THE PRESENT INVENTION CONCERNS A PROCESS FOR EXCHANGING PARTS IN VERY FAST CHIP PRODUCTION MACHINES, AND MACHINES FOR ITS IMPLEMENTATION. THE MACHINE INCLUDES A COUNTER-DOLL HOLDER 3 MOUNTED IN A WAY TO BE ABLE TO MOVE AXIALLY IN THE COUNTER-DOLL 2 UNDER THE ACTION OF A CONTROL DEVICE IN CONTACT WITH IT IN THE AXIAL DIRECTION; THE HOLDER 3 HAS A COUNTER-DOLL TIP 5 EQUIPPED WITH A TORQUE CLAMP PER MOMENT OF ROTATION TO THE WORKPIECE 9, IT CAN BE DRIVEN BY A SECONDARY DRIVE MOTOR 6 ADJUSTABLE OR ORDERABLE IN NUMBERS OF TURNS OF THE VALUE ZERO HAS A VERY HIGH NUMBER OF TURNS. THE MAIN POINT 7 IS MOUNTED ROTATING IN THE MAIN SHAFT 1 AND IS AFRAID TO MOVE AXIALLY AGAINST THE FORCE OF A SPRING, SEPARATELY FROM A CLUT RIGIDLY CONNECTED TO THE MAIN SHAFT 1 AND INTENDED FOR THE COUPLING AT A TIME OF ROTATION OF THE WORKPIECE 9. APPLICATION TO ALL MACHINES, IN PARTICULAR CHIP FORMING, ROTATING AT VERY HIGH SPEED.

Description

The invention relates to a method for the exchange of workpieces with

  high speed chip producing machines, particularly high speed lathes in which the workpiece is under tension between the main point of a main motor driven shaft and the counterfoil head of A machining machine for carrying out this method is in particular a lathe in which the workpiece is mounted between points, and comprises a main shaft having a main point and which can be coupled to the spindle. workpiece according to the couple

  of rotation, and which can be controlled by a drive motor.
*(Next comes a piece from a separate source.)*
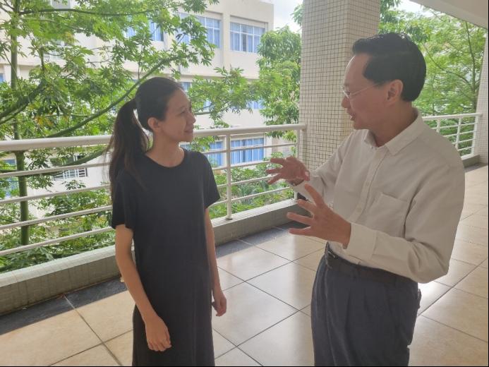 听课结束,符宣国与任课老师进行交流反馈。他肯定任课教师的教学态度和教学质量,认为课程准备充分,深入浅出,思路清晰。同时也指出教学过程中老师和学生存在的问题。
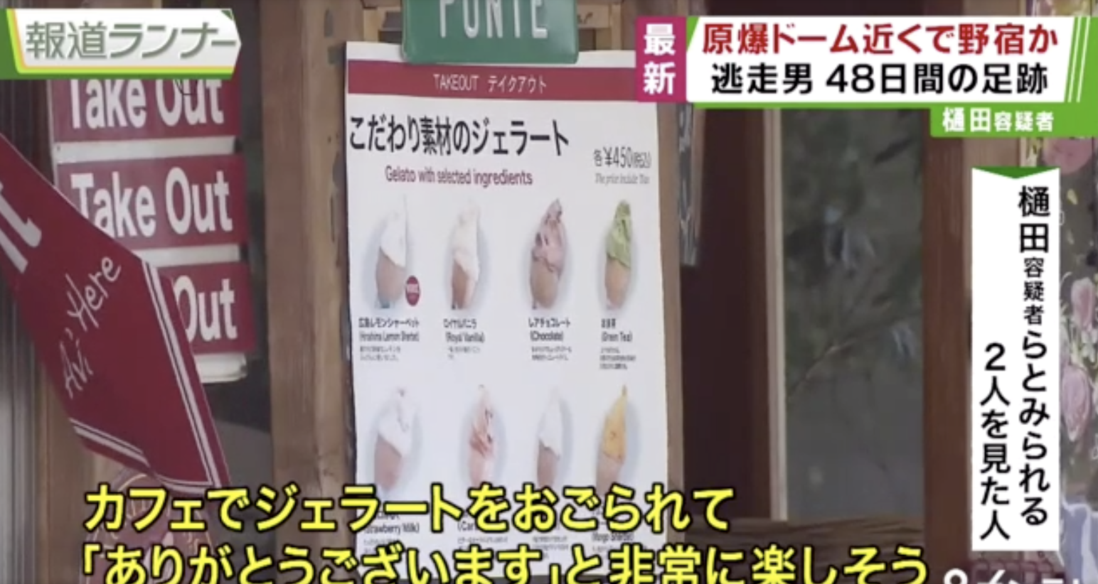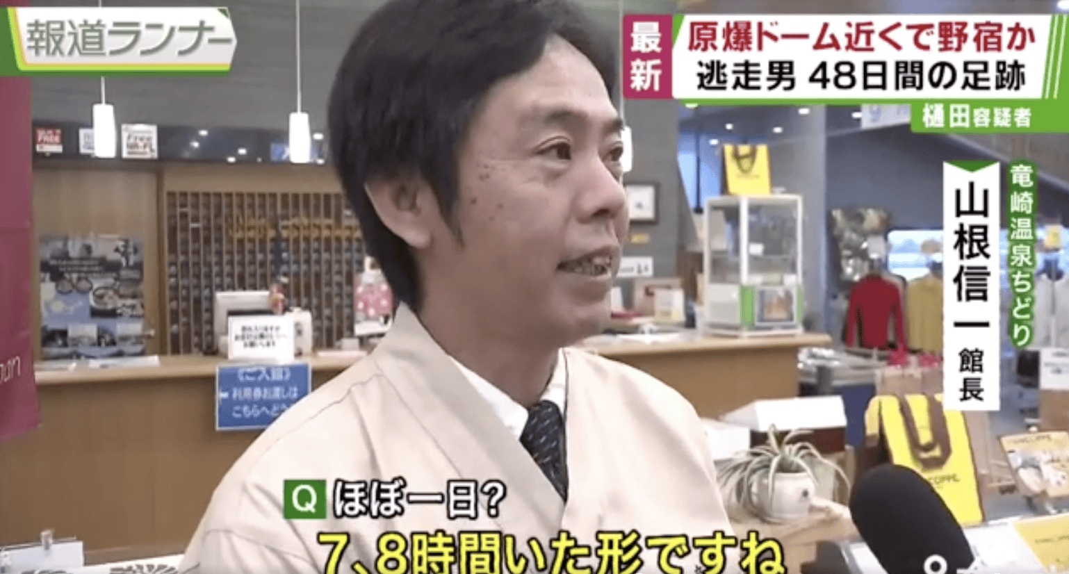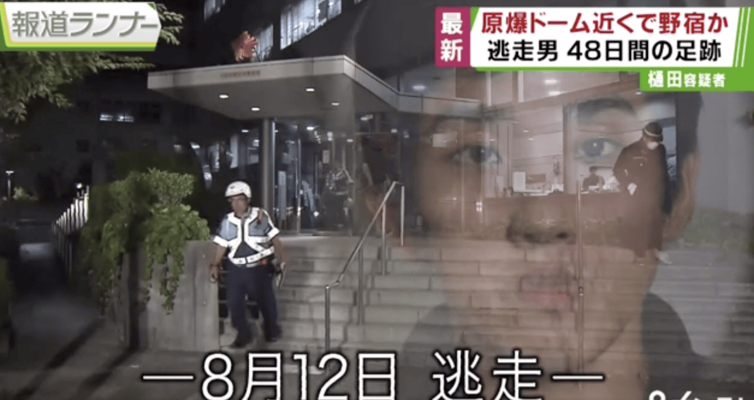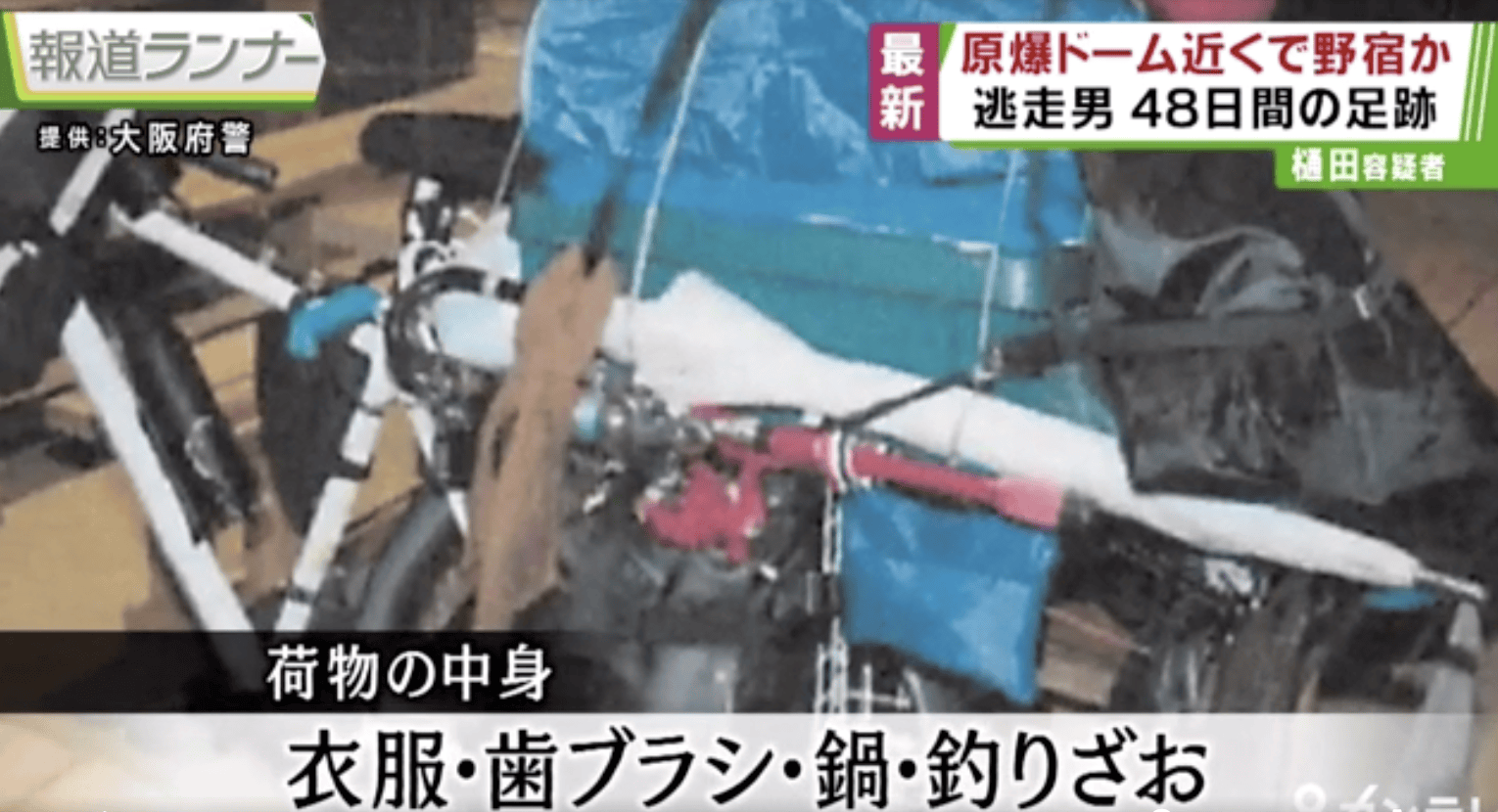 在便利店將便當藏進大衣裏,這個畫面被便利店的防盜監控錄像拍下後,今年30歲的樋田淳也作為嫌疑犯被日本大阪警方逮捕。8月12日晚,在大阪市富田林警察署的會面室等待警方做口錄的他,在無人看管時打破了玻璃奪窗而逃,之後偽裝成環遊日本一週的騎行愛好者,在9月29日被抓到之前逃亡了足足49天,行程超過了1000公里。更令人瞠目結舌的是,逃亡期間的樋田還走訪了各大著名風景區拍照留念,到處蹭吃蹭喝還泡了温泉,一副十分享受的樣子。

  adapted to the value of the chip production power, the lathe also having a

  tailstock sheath with a counterpoint

doll.

  To increase productivity, we have tried to

  to increase the power of chip production

  chip production machining machines, in particular

  linking towers An increase in production power

  It is possible, for example, to increase the machining speed, ie by increasing the number of chips.
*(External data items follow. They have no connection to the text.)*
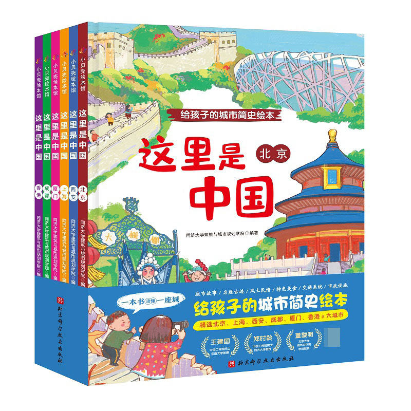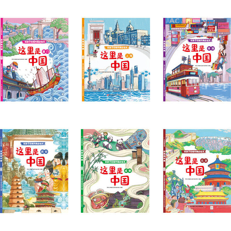 这是一套专为儿童打造的中国城市简史绘本,共6册精装硬壳图画书,涵盖北京、上海、西安、成都、厦门、香港六大代表性城市。由同济大学团队精心编撰,北京科学技术出版社出版,融合历史、地理与文化知识,以生动图画与简洁文字讲述每座城市的起源、发展与独特风貌。内容深入浅出,适合居家亲子共读,帮助孩子从小建立对祖国城市的认知与热爱。装帧精美,印刷考究,既是优质儿童读物,也是值得收藏的文化启蒙礼品书,引领孩子用童真的眼光探索中华城市的千年故事。
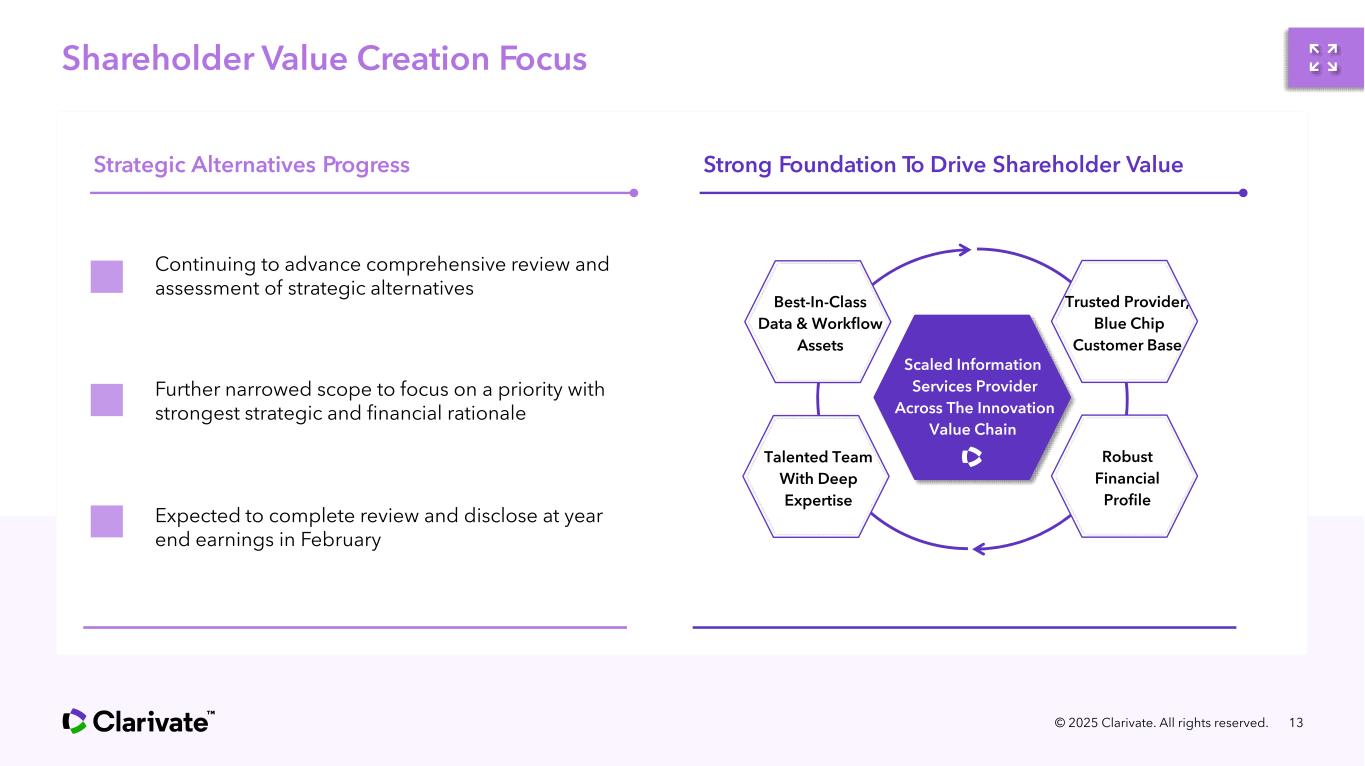 Shareholder Value Creation Focus © 2025 Clarivate. All rights reserved. 13 Continuing to advance comprehensive review and assessment of strategic alternatives Best-In-Class Data & Workflow Assets Products Colleagues Talented Team With Deep Expertise Trusted Provider, Blue Chip Customer Base Robust Financial Profile Scaled Information Services Provider Across The Innovation Value Chain Strategic Alternatives Progress Strong Foundation To Drive Shareholder Value Further narrowed scope to focus on a priority with strongest strategic and financial rationale Expected to complete review and disclose at year end earnings in February
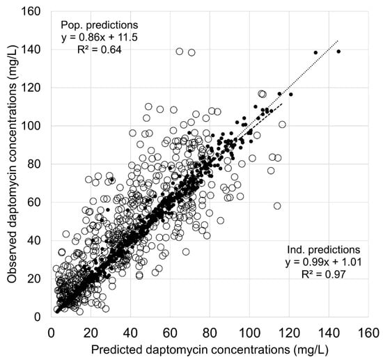 Observed versus model-based predicted concentrations of daptomycin in the learning dataset. Open circles and dashed lines, population predictions; black dots and dotted lines, individual predictions. Abbreviations: Ind., individual; Pop., population.
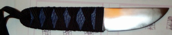 Mal was japanisches: Ein kleiner Aikuchi aus 1.2842, selektiv gehärtet von Claymore - Gesamtlänge 16cm, Dicke 4mm. Geschliffen wurde bis 1000er Politur und anschließend poliert, in heißer Zitronensäure geätzt und überpoliert.Der Hamon, die Härtelinie, ist auf dem Foto vor allem im Bereich der Spitze zu erkennen. Der Erl ist mit blauem Biberschwanzleder beklebt, darüber eine Baumwollkordelwicklung im Diamantmuster (Wicklung
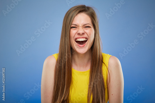 Very happy young lady in yellow dress with mouth open. isolated female portrait.
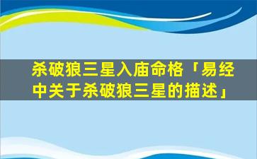 含义:"杀"破狼三星入庙命格是一个紫微斗数中的概念,指的是紫微斗数命盘中三位主星杀星破——军星、和贪狼星都位于庙旺之 🪴 位。
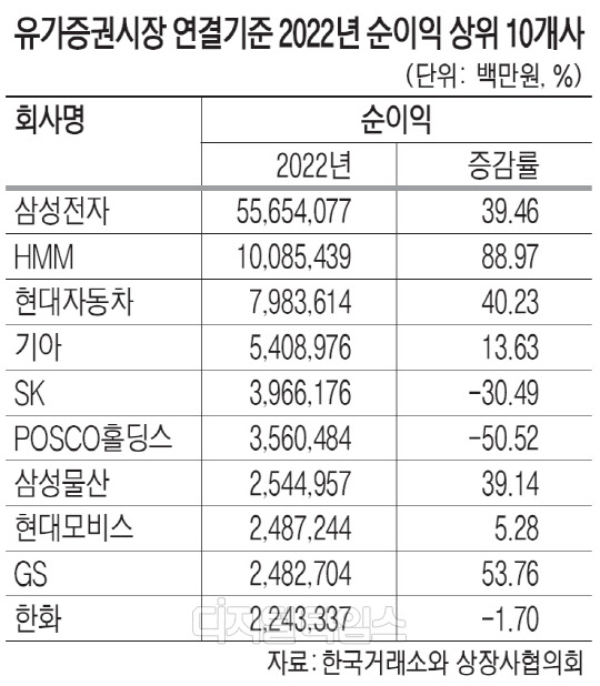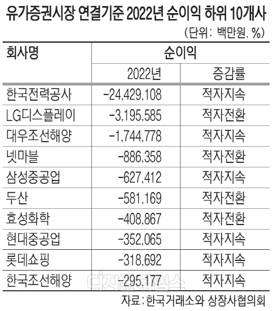 연결 매출액의 10%가량을 차지하는 삼성전자나 사상 최대 영업손실을 기록한 한국전력을 제외해도 이러한 추세는 비슷하게 나타났다.

  turns of the tree and increasing the power of com-

  while at the same time introducing tools for

  high value such as ceramic tools.

  If the number of revolutions of the shaft is increased substantially, for example at 10,000 rpm or even at 000 rpm, the chip production power of the machining machine is certainly improved, so

  substantial, but this improvement does not act in

  liteacar the ratio between the time of production of chips,

  that is active machining of parts and the time of pre-

  paration, that is the time required to tighten and

  loosening the workpiece deteriorates significantly.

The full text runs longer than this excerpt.